■ Exercise materials ■
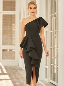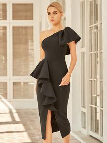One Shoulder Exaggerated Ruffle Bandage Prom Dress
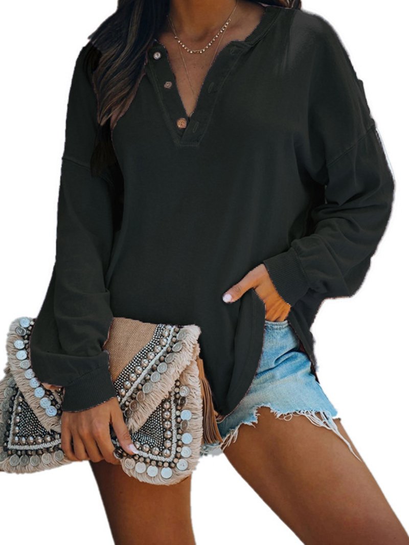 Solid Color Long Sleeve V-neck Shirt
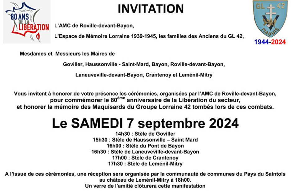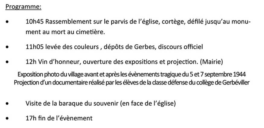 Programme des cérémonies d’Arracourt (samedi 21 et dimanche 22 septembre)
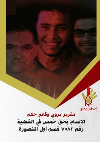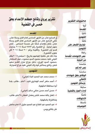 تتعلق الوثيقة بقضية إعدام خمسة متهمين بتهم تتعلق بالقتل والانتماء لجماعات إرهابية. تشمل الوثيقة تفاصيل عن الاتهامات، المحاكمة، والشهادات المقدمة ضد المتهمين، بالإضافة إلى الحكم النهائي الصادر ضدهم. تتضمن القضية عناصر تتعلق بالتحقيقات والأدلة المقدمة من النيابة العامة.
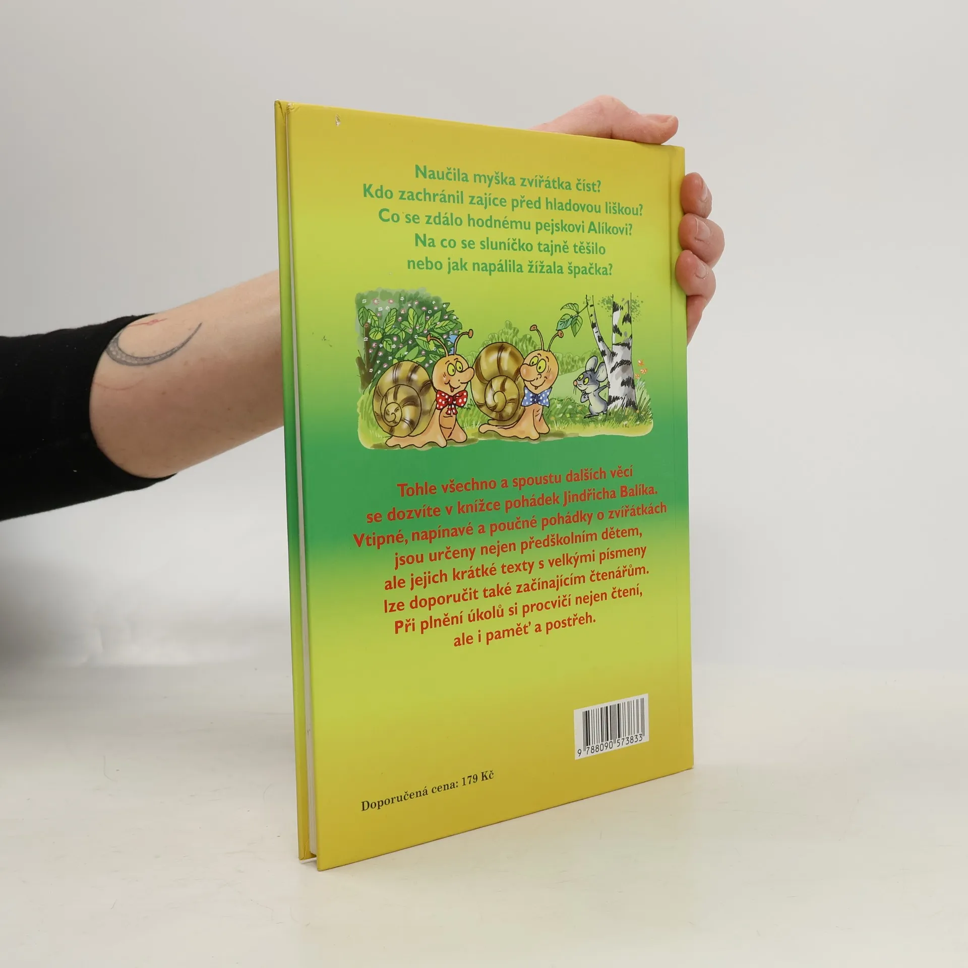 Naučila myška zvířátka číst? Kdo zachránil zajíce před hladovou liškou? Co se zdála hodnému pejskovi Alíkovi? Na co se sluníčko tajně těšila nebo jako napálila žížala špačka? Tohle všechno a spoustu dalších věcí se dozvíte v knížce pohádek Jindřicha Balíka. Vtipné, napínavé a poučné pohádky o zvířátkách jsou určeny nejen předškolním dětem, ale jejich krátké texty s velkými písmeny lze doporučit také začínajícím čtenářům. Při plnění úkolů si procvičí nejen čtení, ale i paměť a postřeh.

■ Goal of the exercise ■
Give back every record above exactly as written, skipping each picture.

■ Reply to the task ■
One Shoulder Exaggerated Ruffle Bandage Prom Dress
 Solid Color Long Sleeve V-neck Shirt
 Programme des cérémonies d’Arracourt (samedi 21 et dimanche 22 septembre)
 تتعلق الوثيقة بقضية إعدام خمسة متهمين بتهم تتعلق بالقتل والانتماء لجماعات إرهابية. تشمل الوثيقة تفاصيل عن الاتهامات، المحاكمة، والشهادات المقدمة ضد المتهمين، بالإضافة إلى الحكم النهائي الصادر ضدهم. تتضمن القضية عناصر تتعلق بالتحقيقات والأدلة المقدمة من النيابة العامة.
 Naučila myška zvířátka číst? Kdo zachránil zajíce před hladovou liškou? Co se zdála hodnému pejskovi Alíkovi? Na co se sluníčko tajně těšila nebo jako napálila žížala špačka? Tohle všechno a spoustu dalších věcí se dozvíte v knížce pohádek Jindřicha Balíka. Vtipné, napínavé a poučné pohádky o zvířátkách jsou určeny nejen předškolním dětem, ale jejich krátké texty s velkými písmeny lze doporučit také začínajícím čtenářům. Při plnění úkolů si procvičí nejen čtení, ale i paměť a postřeh.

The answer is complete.